За спиной Каманина послышалось тихое всхлипывание.
– И как тебя теперь зовут?
– Сергей Иванович Каманин. Так звали верхнеборского героя-партизана. На улице его имени стояла детская больница, в которой меня откачали. А как бы ты меня назвала?
– Я бы назвала Александром в честь твоего прадедушки генерала Лаптева. Ты был бы Александр Геннадьевич Лаптев.
– А почему не по отцу – Кривошеев?
– А ты думаешь, что после всего, что случилось, я бы дала тебе его фамилию? Да и что это за фамилия – Кривошеев? Когда-то я очень любила твоего отца, но, всё же, выходя замуж, оставила себе свою девичью фамилию.
– Не вижу особой разницы между Лаптевой и Кривошеевой, – парировал Каманин, с детства считавший свою фамилию самой лучшей. Накатившая на него минутная сентиментальность прошла, и его тон снова стал отстранённо-холодным.– А теперь расскажи о том, что же всё-таки произошло, и почему ты меня бросила…

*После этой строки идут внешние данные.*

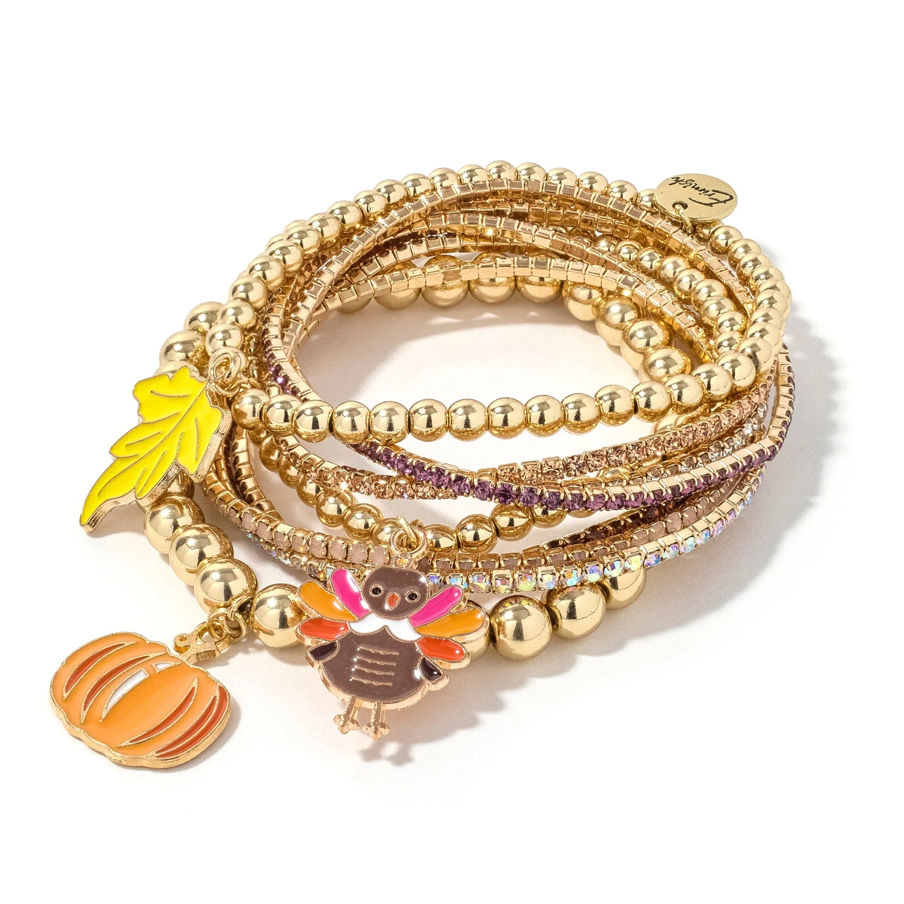 Celebrate the season with this playful fall bracelet stack featuring charming turkey, leaf, and pumpkin accents. Each piece sparkles with festive energy, making it the perfect accessory to add a touch of autumn fun to your outfit. Cozy, cute, and full of seasonal spirit!

– Ты действительно хочешь это знать?
– Да.
– А у тебя есть ещё лекарство?
Каманин молча взял стоявшее в углу хлипкое креслице из шестидесятых годов, перенёс его к кровати и сел у изголовья. Потом достал из саквояжа ампулу, помеченную тремя красными точками, заботливо обернул ваткой и протянул матери. Та, откинула одеяло, села на кровати и, закатав рукав, обнажила дряблую пергаментно-жёлтую кожу. Каманин, глядя на измождённую мать, с удивлением понял, что не испытывает к ней никаких сыновьих чувств. Что встреча с родителями, о которой так мечтали воспитанники спецшколы, всего лишь мираж. Что никакого родства по крови не существует, а есть только родство по духу. И если в течение двадцати лет между людьми не было никакой духовной связи, то она уже никогда не возникнет. И даже если бы его мать оказалась трижды успешной и всеми уважаемой женщиной, она всё равно осталась бы для него чужим человеком. Возможно, это было бы ещё хуже. Тогда бы он не испытывал даже жалости и ничем не мог бы помочь близкому по крови человеку. А сейчас ему было невероятно жаль сидящую перед ним без времени постаревшую и потерявшую себя женщину, но он мог хоть чем-то облегчить её страдания. Пусть даже для этого требовалось разбавить родственную кровь свежей порцией яда.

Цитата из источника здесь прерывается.